The untimely death of this naval hero before he [Pg 220]had time to complete his work encouraged the West Indian pirates and they became more audacious than before. In the autumn of 1821 several naval vessels were sent thither by our Government. They did vigorous work, capturing and destroying a number of piratical vessels, but there were too many of them, and they were spread over too extended a space to be wiped out by a few captures. In the following year a still more powerful squadron went to the West Indies under the command of Captain James Biddle, who did such valiant service in the War of 1812. A good many buccaneers were destroyed, including several leaders of the buccaneers whose atrocious deeds had long made their names a terror. In one of these attacks Lieutenant William H. Allen, of the schooner Alligator, was killed by a musket ball. His gallantry in the fight between the Argus and Pelican in the war with Great Britain sent a thrill of admiration through the country and brought him well-merited promotion.
You have not forgotten the wonderful cruise of Captain David Porter in the Essex, when he entered the Pacific Ocean and caused such havoc among the British shipping.
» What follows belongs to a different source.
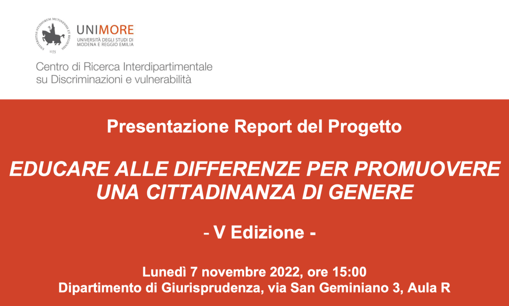 Lunedì 7 novembre 2022 alle ore 15.00 presso l’Aula R del Dipartimento di Giurisprudenza (via San Geminiano 3) si terrà la presentazione del Report del progetto “Educare alle differenze per promuovere la cittadinanza di genere – V edizione”. Intervengono: Grazia Baracchi, Assessora all’Istruzione, Sport, Formazione professionale e Pari Opportunità del Comune di Modena Thomas Casadei, Professore […]
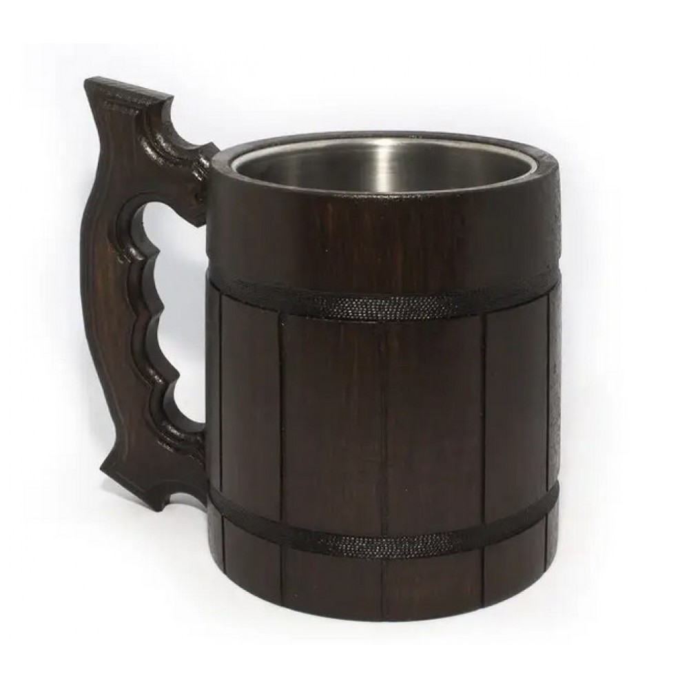 Пориньте в атмосферу затишних пивних посиденьок за допомогою пивного дерев'яного бокала з металевою вставкою.

He was appointed commander of the West India forces and arrived off Porto Rico in March, 1823. He was provided, in addition to his [Pg 221][Pg 222]warships, with a number of barges, furnished with twenty oars apiece, and which were indispensable in following the pirates up the shallow creeks and into the shoal waters where the vessels could not go.
Captain Porter was discreet but impatient with injustice. When one of his schooners was fired into by the Porto Rican authorities he promptly demanded an explanation, which was given. The most important incident of his service occurred in the autumn of 1824 and is known as the "Foxardo Affair."
In October of that year the storehouse of the American consul at St. Thomas was broken into and robbed of much valuable property which there was reason to believe had been carried to the small port at the eastern end of Porto Rico known as Foxardo. Lieutenant Platt, of the Beagle, anchored off the town and asked the help of the authorities in capturing the criminals and recovering the property. The officer was treated with the grossest discourtesy. Having landed in civilian clothes, the authorities accused him of being an impostor and ordered him to show his commission. The Lieutenant produced it, whereupon they declared it a forgery and arrested him on the charge of being a pirate. After he and a midshipman who accompanied him had been insulted repeatedly they were allowed to leave.
[Pg 223]When Captain Porter learned of this outrage he entered the harbor with several of his vessels and sent a letter to the alcalde or governor, notifying him that he had one hour in which to send an explanation of his action. While waiting for the return of the flag of truce Captain Porter saw one of the shore batteries getting ready to fire upon him. Instantly, he sent a detachment, which captured the battery and spiked the guns. Then Captain Porter landed, and, after spiking another battery, made his way to the town. By and by the alcalde and captain of the port appeared and made such profuse and humble apologies that the officer could not refuse to accept them, and returned to his ship.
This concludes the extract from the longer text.